Department of Emergency Medicine, School of Medicine, Kyungpook National University, Daegu, Korea.
Department of Radiology, School of Medicine, Kyungpook National University, Daegu, Korea.
Technol Health Care. 2021;29(5):881-895. doi: 10.3233/THC-202533.
Doctors with various specializations and experience order brain computed tomography (CT) to rule out intracranial hemorrhage (ICH). Advanced artificial intelligence (AI) can discriminate subtypes of ICH with high accuracy.
The purpose of this study was to investigate the clinical usefulness of AI in ICH detection for doctors across a variety of specialties and backgrounds.

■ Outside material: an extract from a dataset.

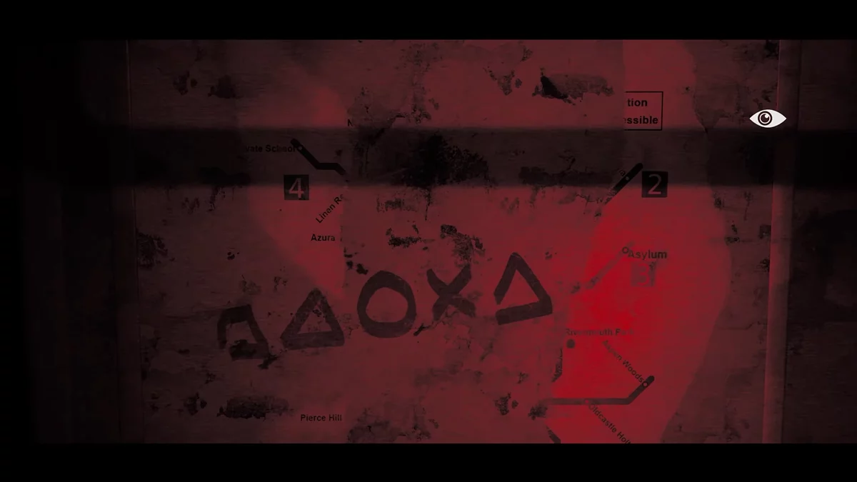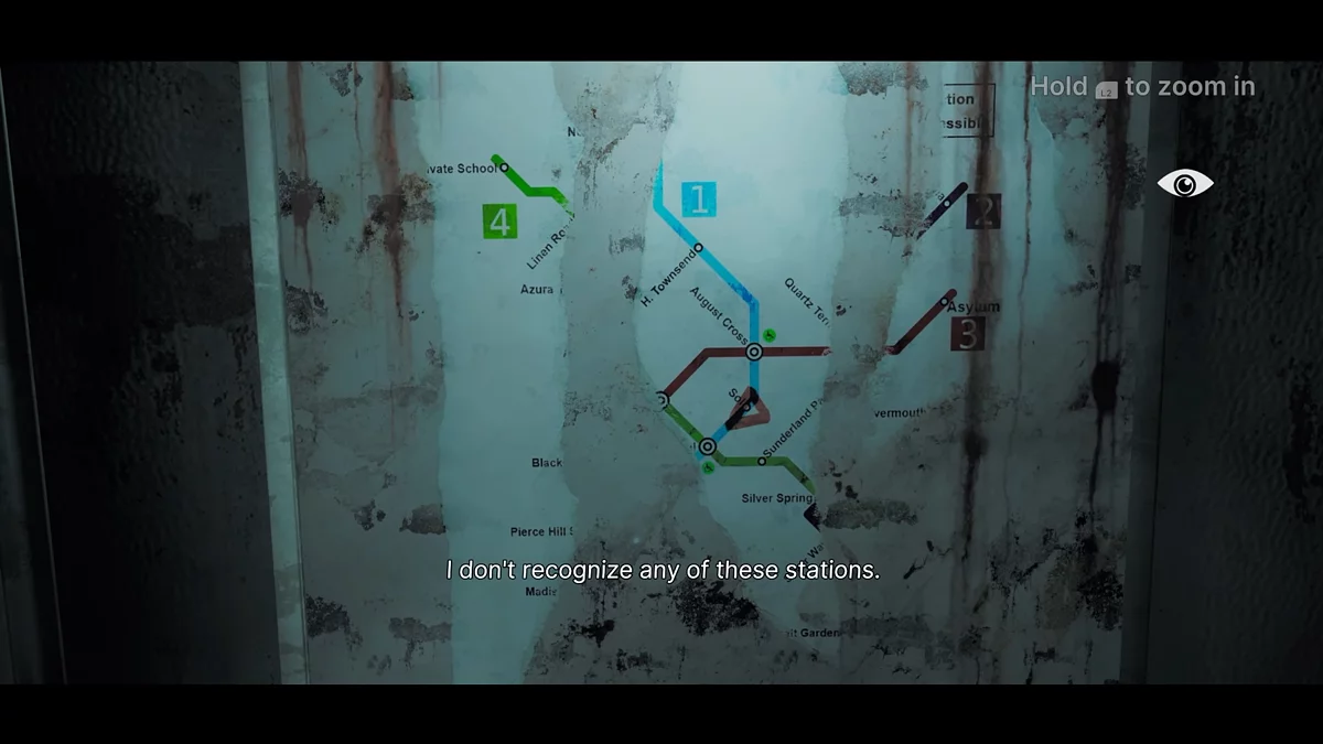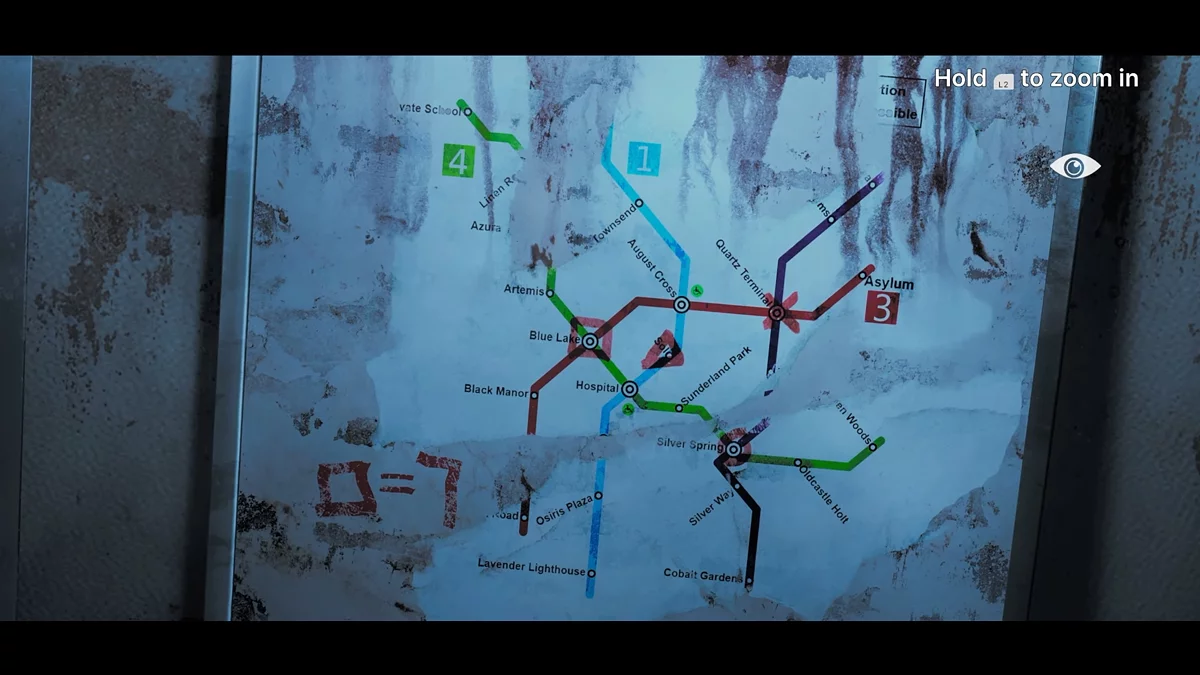 Первый замок появляется в самом начале прохождения: он висит в вагоне поезда, блокируя кабину машиниста. Чтобы узнать код, вам потребуется совместить карты метрополитена и понять значения зашифрованных фигурок. Правильный код — 71651.

A total of 5702 patients' brain CTs were used to develop a cascaded deep-learning-based automated segmentation algorithm (CDLA). A total of 38 doctors were recruited for testing and categorized into nine groups. Diagnostic time and accuracy were evaluated for doctors with and without assistance from the CDLA.
The CDLA in the validation set for differential diagnoses among a negative finding and five subtypes of ICH revealed an AUC of 0.966 (95% CI, 0.955-0.977). Specific doctor groups, such as interns, internal medicine, pediatrics, and emergency junior residents, showed significant improvement with assistance from the CDLA (p= 0.029). However, the CDLA did not show a reduction in the mean diagnostic time.
Even though the CDLA may not reduce diagnostic time for ICH detection, unlike our expectation, it can play a role in improving diagnostic accuracy in specific doctor groups.
不同专业和经验的医生会开脑部计算机断层扫描(CT)来排除颅内出血(ICH)。先进的人工智能(AI)可以高精度地区分 ICH 的亚型。
本研究旨在探讨 AI 在ICH 检测中的临床应用价值,针对不同专业和背景的医生。
共使用 5702 名患者的脑部 CT 来开发级联深度学习自动分割算法(CDLA)。共招募了 38 名医生进行测试,并分为九个小组。评估了有和没有 CDLA 辅助的医生的诊断时间和准确率。
验证集中用于鉴别阴性结果和五种 ICH 亚型的 CDLA 显示出 0.966 的 AUC(95%CI,0.955-0.977)。具有辅助的 CDLA 可以显著提高实习医生、内科、儿科和急诊初级住院医生等特定医生群体的准确率(p=0.029)。然而,CDLA 并没有缩短平均诊断时间。
尽管 CDLA 可能不会缩短 ICH 检测的诊断时间,但与我们的预期相反,它可以在特定医生群体中提高诊断准确性。